◆ Task to carry out ◆
The finished copy should hold every entry exactly as given, and no pictures.

Data extracted from a collection
──────────

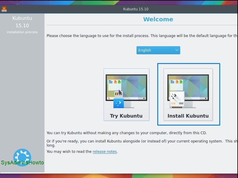 14. Click Install Kubuntu at Kubuntu 15.10 welcome screen.
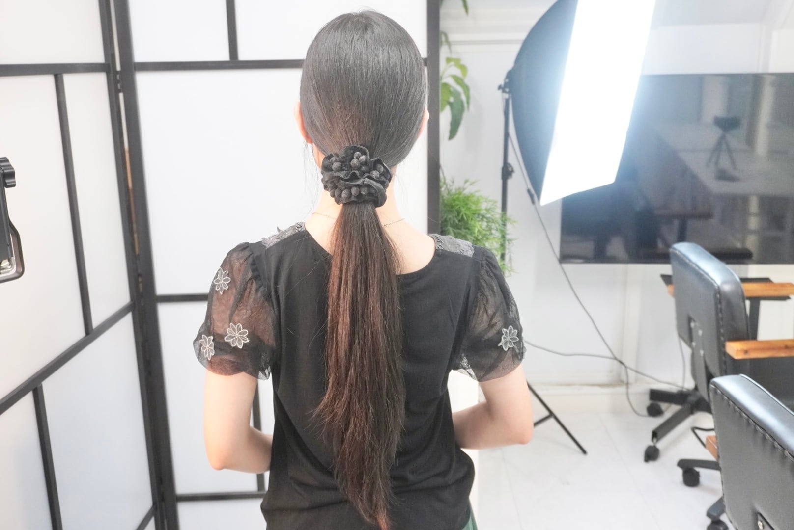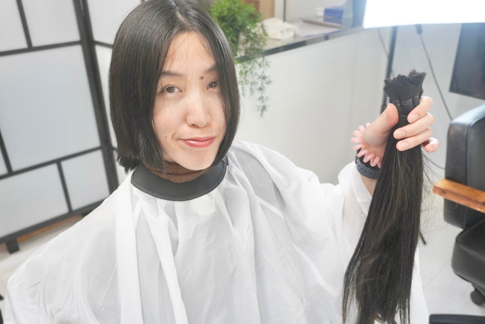 切った髪束は35〜40cm近くあり、全てヘアドネーションさせて頂きます。
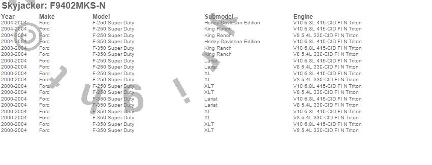 Below is an abbreviated list of applications for the Suspension Lift Kit w/Shock.F-250 Super Duty Pickup, F-350 Super Duty Pickup, Ford, 2004, 2003, 2002, 2001, 2000
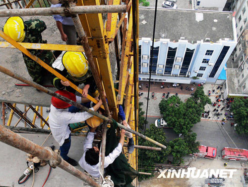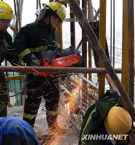 4月11日,在廣西北海市深圳路一個(gè)施工工地,消防官兵正在營救被困工人,被困者身穿藍(lán)衣,手腳被升降機(jī)吊架卡住。當(dāng)日上午,在廣西北海市深圳路一個(gè)施工工地,一名工人不慎被升降機(jī)吊架卡住困在19樓。北海市消防支隊(duì)官兵接到報(bào)警后迅速趕赴現(xiàn)場,用切割機(jī)切斷鋼板,及時(shí)將被困工人救出送往醫(yī)院救治。由于救援及時(shí),該工人無生命危險(xiǎn)。
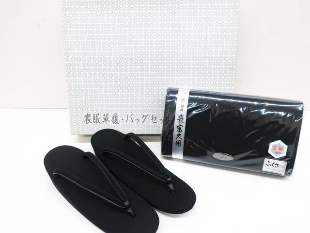 - 《京都一輝堂》【着物】和装小物 草履バッグセット 喪服用 未使用品 25w01-748
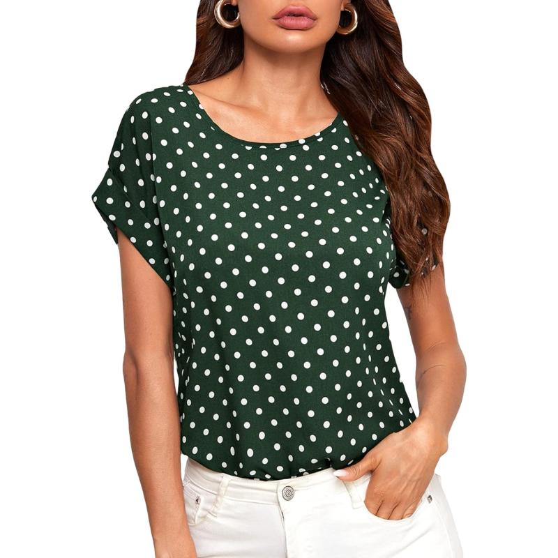Floerns Women’s Short Sleeve Business Casual Tops Graphic Print Office Work Blouse Tops(Dark Green)
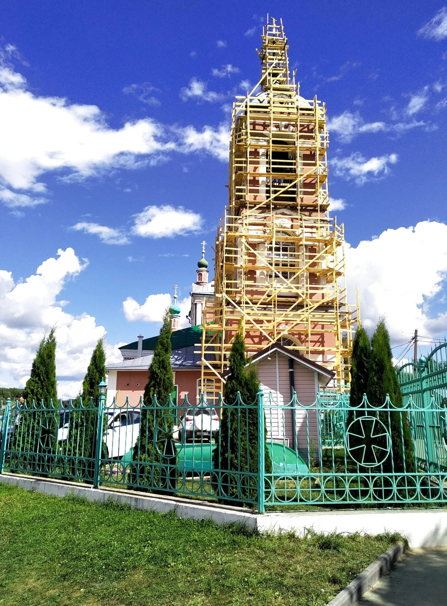 На снимке доминирует образ храма-исполина с розовато-красными стенами и зелёными кровлями. Колокольня, которую местные рыбаки исторически использовали как маяк, полностью скрыта лесами, символизируя непрекращающиеся труды по восстановлению святыни. На переднем плане виден зелёный оградительный забор и хвойные насаждения, подчёркивающие ухоженность территории. Светло-розовое здание слева, вероятно, является частью церковного комплекса или соседней постройки. Общее настроение фотографии создаёт контраст между временными строительными конструкциями и вечным, пронзительно ясным небом с кучевыми облаками, раскинувшимся над этим намоленным местом на берегу Плещеева озера.
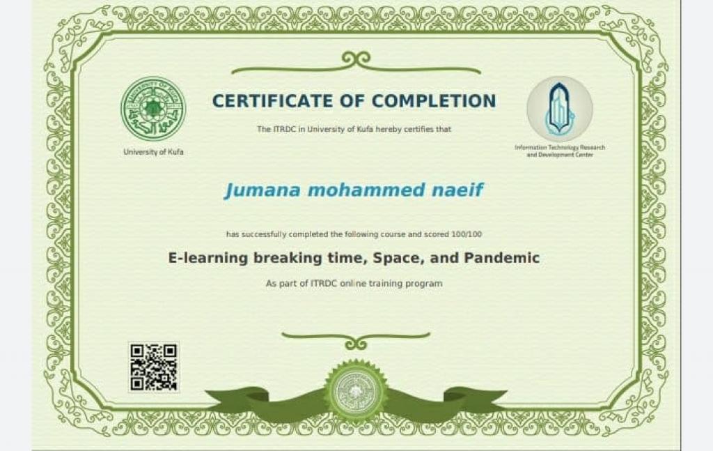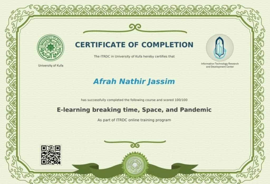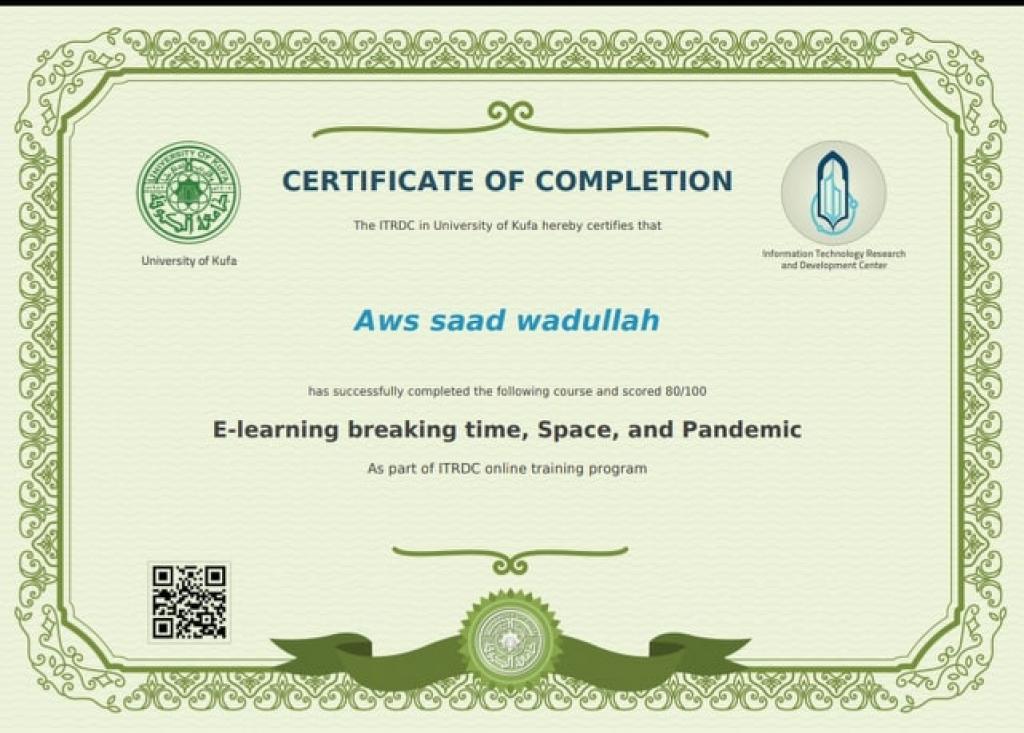 حصل كل من التدريسيين والباحثين ( الدكتور حامد محمد طه السويداني والدكتورة جمانة محمد نايف الدليمي والدكتورة افراح ناثر جاسم العزاوي) ، وكذلك ( الموظف: أوس سعد وعدالله) مركز الدراسات الإقليمية – جامعة الموصل على شهادة سفير التعلم الإلكتروني من مركز البحث والتأهيل المعلوماتي في جامعة الكوفة الكترونيا بعد اجتيازهم الإختبار الإلكتروني وهو عبارة عن دورة تدريبية الكترونية تحت عنوان (التعلم الإلكتروني من اجل التغلب على الوقت والمكان والوباء) الذي تضمن مجموعة من الأسئلة الإختبارية المتنوعة يجيب عليها الفرد و نسبة الاجابة فيها من ( ١٠٠ ) درجة.
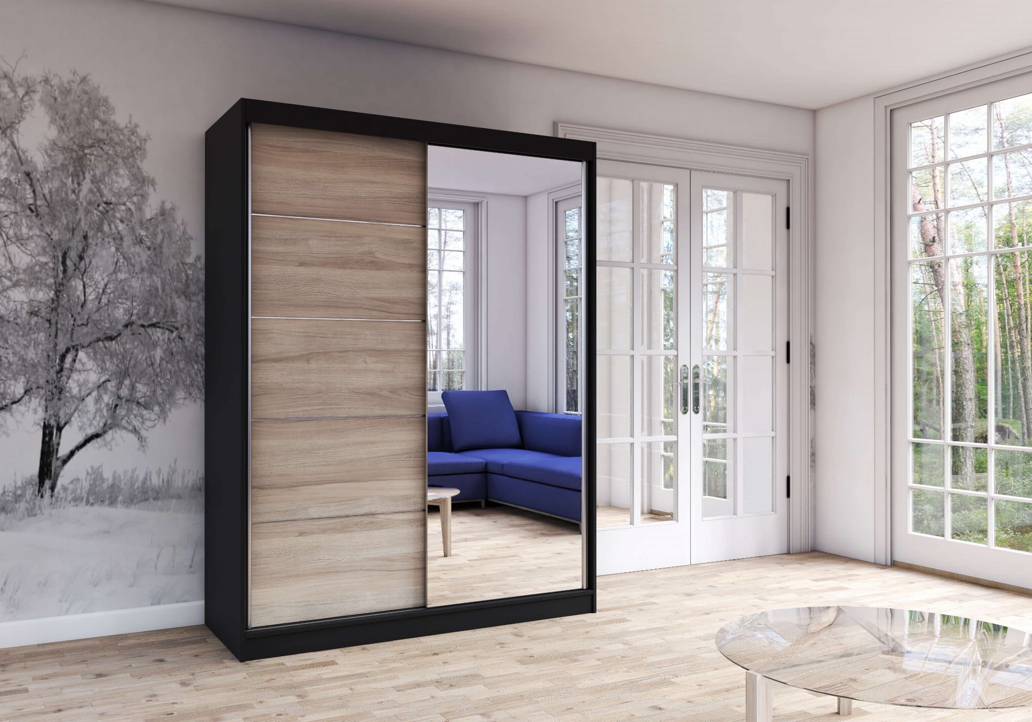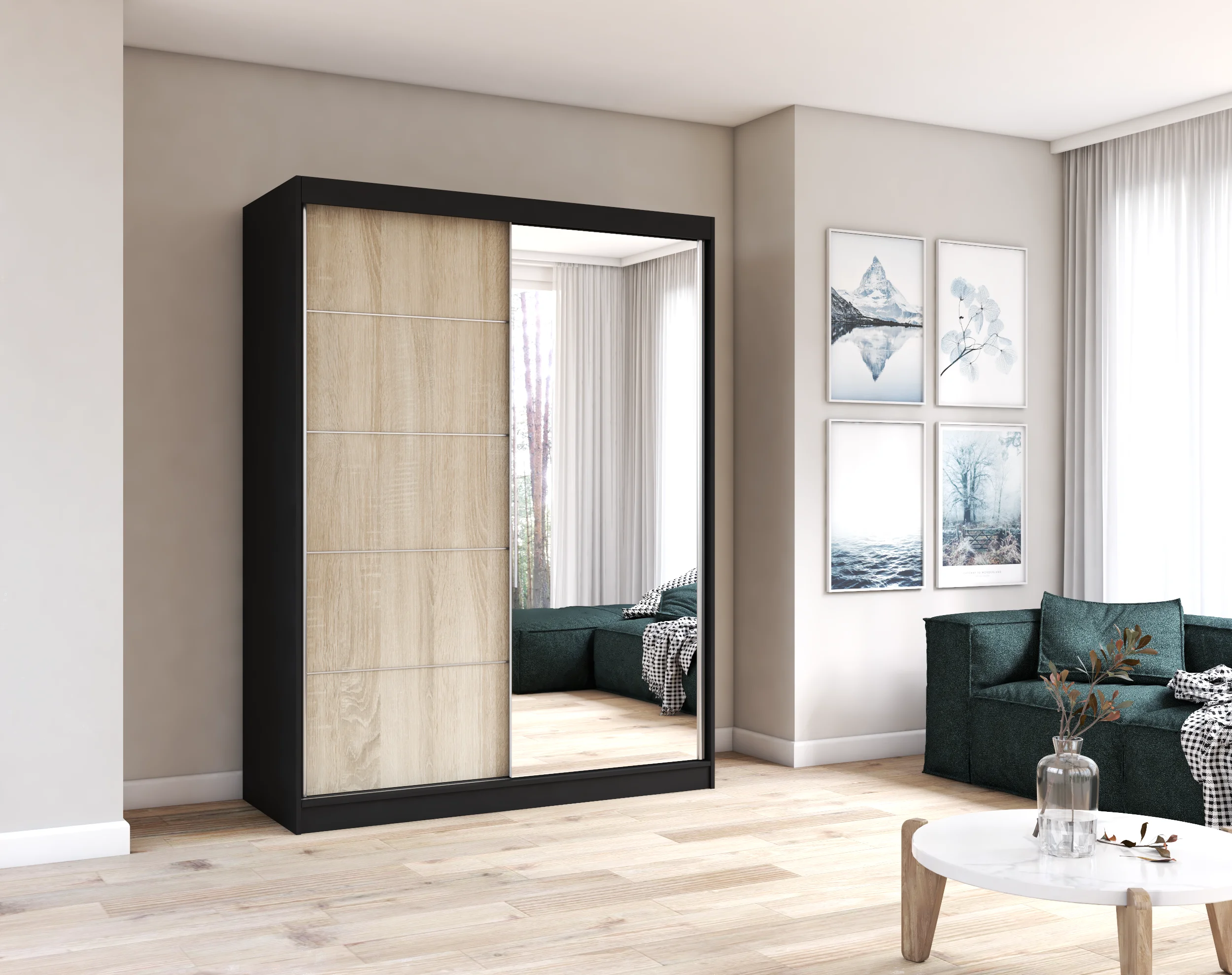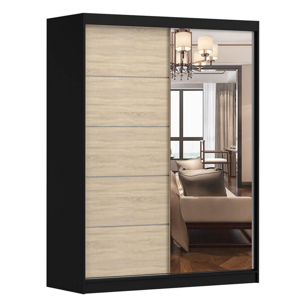Szafa VISTA 05 | 150| Czarny, Dąb sonoma z lustrem
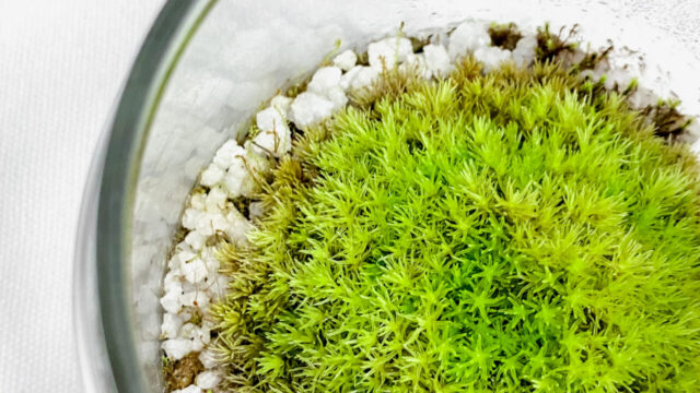 今日は苔テラリウムにしたアラハシラガゴケの話。この前に公開した記事の最後の方で、ヤマゴケは団子状に生長すると書きました。団子状……そうだ!以前(2022年)から育てている、アラハシラガゴケのテラリウムが団子状に生長しているので記事にしようと思った次第。

──────────

◆ Task result ◆
 14. Click Install Kubuntu at Kubuntu 15.10 welcome screen.
 切った髪束は35〜40cm近くあり、全てヘアドネーションさせて頂きます。
 Below is an abbreviated list of applications for the Suspension Lift Kit w/Shock.F-250 Super Duty Pickup, F-350 Super Duty Pickup, Ford, 2004, 2003, 2002, 2001, 2000
 4月11日,在廣西北海市深圳路一個(gè)施工工地,消防官兵正在營救被困工人,被困者身穿藍(lán)衣,手腳被升降機(jī)吊架卡住。當(dāng)日上午,在廣西北海市深圳路一個(gè)施工工地,一名工人不慎被升降機(jī)吊架卡住困在19樓。北海市消防支隊(duì)官兵接到報(bào)警后迅速趕赴現(xiàn)場,用切割機(jī)切斷鋼板,及時(shí)將被困工人救出送往醫(yī)院救治。由于救援及時(shí),該工人無生命危險(xiǎn)。
 - 《京都一輝堂》【着物】和装小物 草履バッグセット 喪服用 未使用品 25w01-748
Floerns Women’s Short Sleeve Business Casual Tops Graphic Print Office Work Blouse Tops(Dark Green)
 На снимке доминирует образ храма-исполина с розовато-красными стенами и зелёными кровлями. Колокольня, которую местные рыбаки исторически использовали как маяк, полностью скрыта лесами, символизируя непрекращающиеся труды по восстановлению святыни. На переднем плане виден зелёный оградительный забор и хвойные насаждения, подчёркивающие ухоженность территории. Светло-розовое здание слева, вероятно, является частью церковного комплекса или соседней постройки. Общее настроение фотографии создаёт контраст между временными строительными конструкциями и вечным, пронзительно ясным небом с кучевыми облаками, раскинувшимся над этим намоленным местом на берегу Плещеева озера.
 حصل كل من التدريسيين والباحثين ( الدكتور حامد محمد طه السويداني والدكتورة جمانة محمد نايف الدليمي والدكتورة افراح ناثر جاسم العزاوي) ، وكذلك ( الموظف: أوس سعد وعدالله) مركز الدراسات الإقليمية – جامعة الموصل على شهادة سفير التعلم الإلكتروني من مركز البحث والتأهيل المعلوماتي في جامعة الكوفة الكترونيا بعد اجتيازهم الإختبار الإلكتروني وهو عبارة عن دورة تدريبية الكترونية تحت عنوان (التعلم الإلكتروني من اجل التغلب على الوقت والمكان والوباء) الذي تضمن مجموعة من الأسئلة الإختبارية المتنوعة يجيب عليها الفرد و نسبة الاجابة فيها من ( ١٠٠ ) درجة.
Szafa VISTA 05 | 150| Czarny, Dąb sonoma z lustrem
 今日は苔テラリウムにしたアラハシラガゴケの話。この前に公開した記事の最後の方で、ヤマゴケは団子状に生長すると書きました。団子状……そうだ!以前(2022年)から育てている、アラハシラガゴケのテラリウムが団子状に生長しているので記事にしようと思った次第。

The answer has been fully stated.